Quarantine Induced Thoughts
Now more than ever, the thoughts about going out to eat at a restaurant or taking the simple visit to the mall increases by the day and it physically hurts to think about Shake Shack burgers.
Quarantine has induced so many thoughts, thoughts that have never touched my brain in the past before and if they have, they left within a matter of seconds before I went on to focus on something else like that test I really should study for; the annoying screaming coming from the hallway; the memory of the old man at the subway station playing another Elvis song; how good Harry Styles looked that day; or the debate of where the weekend plans with my friends would take place.
Now, I think about the way the drive home is always much faster than the drive to your destination. The way that people telling me they like my hair down only increases my desire to cut it all off. How I’ve been recently craving to learn trapeze and run away with the circus. The easiness of falling into the sad hole of nostalgia with no desire to get out. How the world could be, and the world we’re gonna make.
The people that I’m never gonna see ever again and the people I’ve yet to meet. How laughing with my friends was my favorite sound, how our arguments were theirs, and how we’ve come to absolutely hate the sound of whining and unrealistic planning. The decades of years that await for my arrival– each day getting closer to the next. Will I ever find the secret to love? What’s the real price of emotion? What will be the best years of my life? Have they already passed?
I’ve rewatched The Office for the third time since quarantine started and have made over a dozen different playlists for each different mood I find myself in. I’ve done a lot of realizing, like the difference between listening to music while you’re doing something and just flat out laying in bed solely listening to music. You pick up different things and songs appear to have different meanings depending on what mood you’re listening to it in and what you choose to focus on that day. Is the lyric a metaphor or meant to be taken literally– both producing extremely contrasting definitions.
I’ve picked up a lot of things, too.
I’ve picked up the way my mother’s new favorite word seems to be honey and how each time she calls for me it seems to be something different following the word: Honey fox, Honey bunny, Honey face, Honey pot, Honey pie, Honey baby, and lot’s more like that.
I’ve picked up the way I’ve never felt more love for New York than now and have come to appreciate the city for what it is. Maybe it’s the way I’ve put a lot of thought into moving away and the things that I’ll come to miss or maybe it’s just the way I’ve taken it for granted all these years.
I’ve picked up on the way we all seem to be teachers in life and we teach by either living or slowly dying. I’ve picked up the way the moon will sometimes illuminate my room and the peace that it brings with it and the way rain always seems to make the apartment more homey until you remember that you’re nowhere near the comforting patterns that you’re used to during this pandemic. I hated being in the rain, but now all I wish is be outside and dance with it.
Most of all, I’ve picked up the way everything really does have an affect on how life seems to shape and form you into the individual we all become in the end. Every little moment, every experience, the time period, the people you meet, the people you didn’t meet, your parents, your friends, your teachers, your life. No matter how much you think you have in common with someone, your lives will never be the same and nor will your person.
There’s some things you’ll never come to understand. Some people you’ll only have the pleasure to meet once and never again. Some dreams that you’ll just have to reform because of the circumstances you find yourself in. Some plans that never seem to happen or the way they turn out differently than what you envisioned.

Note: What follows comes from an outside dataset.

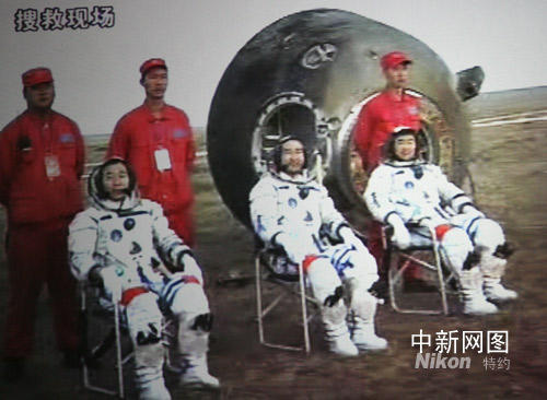 中新網(wǎng)北京九月二十八日電(記者 齊彬)二十八日十七時(shí)三十七分,中國“神舟”七號(hào)飛船在內(nèi)蒙古中部預(yù)定區(qū)域成功著陸。隨后,執(zhí)行飛行任務(wù)的航天員翟志剛、劉伯明和景海鵬安全出艙,中國神舟七號(hào)載人航天飛行獲得圓滿成功。

A quarantine that seems like it’s never going to end or the way it has made you think about the world and life you thought you knew. And, of course the way human interaction and emotion have impacted your routine in far more ways than you ever thought.
These thoughts are only the beginning. Yeah, quarantine really sucks, but it has induced more thoughts than I’ve ever had in my lifetime and ultimately, thoughts that have me perceiving life in a completely different way, in a way that I probably would’ve never been able to perceive if it weren’t for being stuck at home for over a month and having nothing but my mind to wander for hours. And I wonder what other places it’ll wander to and the destinations where others have arrived.